*DIRECTIONS*.
Using the data below, transcribe exactly everything from the line that contains "For most of" down to the line that contains "APOPTYGMA BERZERKIch bewege". Include both of those lines and none of the pictures.

*SUPPLIED DATA*.

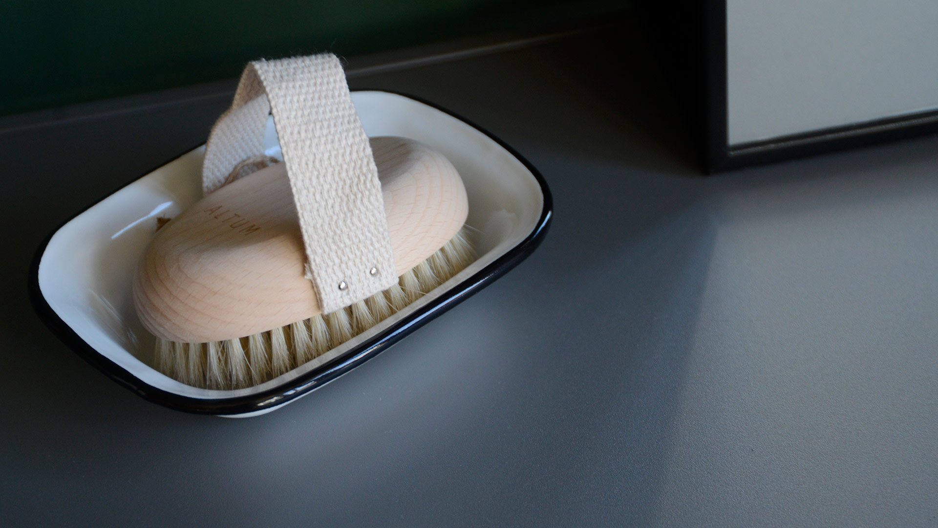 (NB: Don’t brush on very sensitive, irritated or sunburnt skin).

--

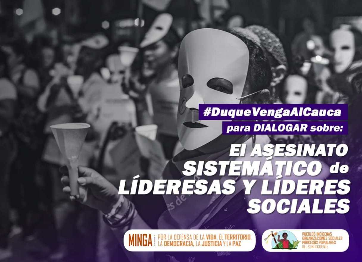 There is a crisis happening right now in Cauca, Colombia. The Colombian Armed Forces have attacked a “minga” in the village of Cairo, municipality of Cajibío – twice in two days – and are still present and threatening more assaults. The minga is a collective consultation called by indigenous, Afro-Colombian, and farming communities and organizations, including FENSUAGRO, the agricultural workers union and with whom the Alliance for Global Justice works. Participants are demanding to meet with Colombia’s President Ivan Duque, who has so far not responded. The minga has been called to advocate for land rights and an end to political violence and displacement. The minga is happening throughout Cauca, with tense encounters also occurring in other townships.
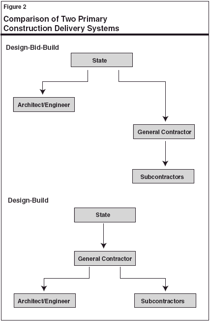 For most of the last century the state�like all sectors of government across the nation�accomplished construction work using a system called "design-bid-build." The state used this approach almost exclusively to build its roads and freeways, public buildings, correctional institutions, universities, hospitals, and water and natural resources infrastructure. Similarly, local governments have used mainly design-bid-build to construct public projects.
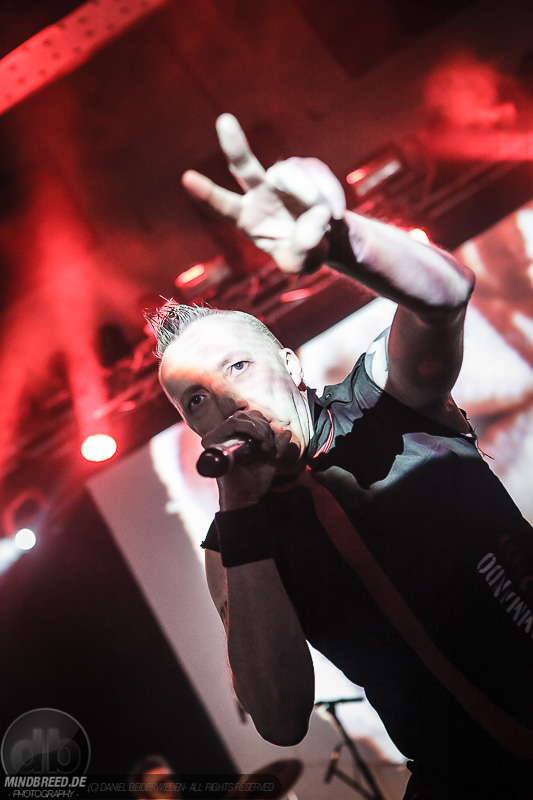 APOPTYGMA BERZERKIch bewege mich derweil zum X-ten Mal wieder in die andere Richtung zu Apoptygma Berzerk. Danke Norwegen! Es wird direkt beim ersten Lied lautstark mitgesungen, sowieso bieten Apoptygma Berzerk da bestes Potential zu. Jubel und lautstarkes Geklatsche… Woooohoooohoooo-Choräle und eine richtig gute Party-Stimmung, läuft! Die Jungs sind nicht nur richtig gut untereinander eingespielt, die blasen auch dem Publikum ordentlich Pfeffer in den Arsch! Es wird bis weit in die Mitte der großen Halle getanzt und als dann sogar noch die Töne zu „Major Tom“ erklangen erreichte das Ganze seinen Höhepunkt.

*RESULT FOR THIS EXERCISE*.
 For most of the last century the state�like all sectors of government across the nation�accomplished construction work using a system called "design-bid-build." The state used this approach almost exclusively to build its roads and freeways, public buildings, correctional institutions, universities, hospitals, and water and natural resources infrastructure. Similarly, local governments have used mainly design-bid-build to construct public projects.
 APOPTYGMA BERZERKIch bewege mich derweil zum X-ten Mal wieder in die andere Richtung zu Apoptygma Berzerk. Danke Norwegen! Es wird direkt beim ersten Lied lautstark mitgesungen, sowieso bieten Apoptygma Berzerk da bestes Potential zu. Jubel und lautstarkes Geklatsche… Woooohoooohoooo-Choräle und eine richtig gute Party-Stimmung, läuft! Die Jungs sind nicht nur richtig gut untereinander eingespielt, die blasen auch dem Publikum ordentlich Pfeffer in den Arsch! Es wird bis weit in die Mitte der großen Halle getanzt und als dann sogar noch die Töne zu „Major Tom“ erklangen erreichte das Ganze seinen Höhepunkt.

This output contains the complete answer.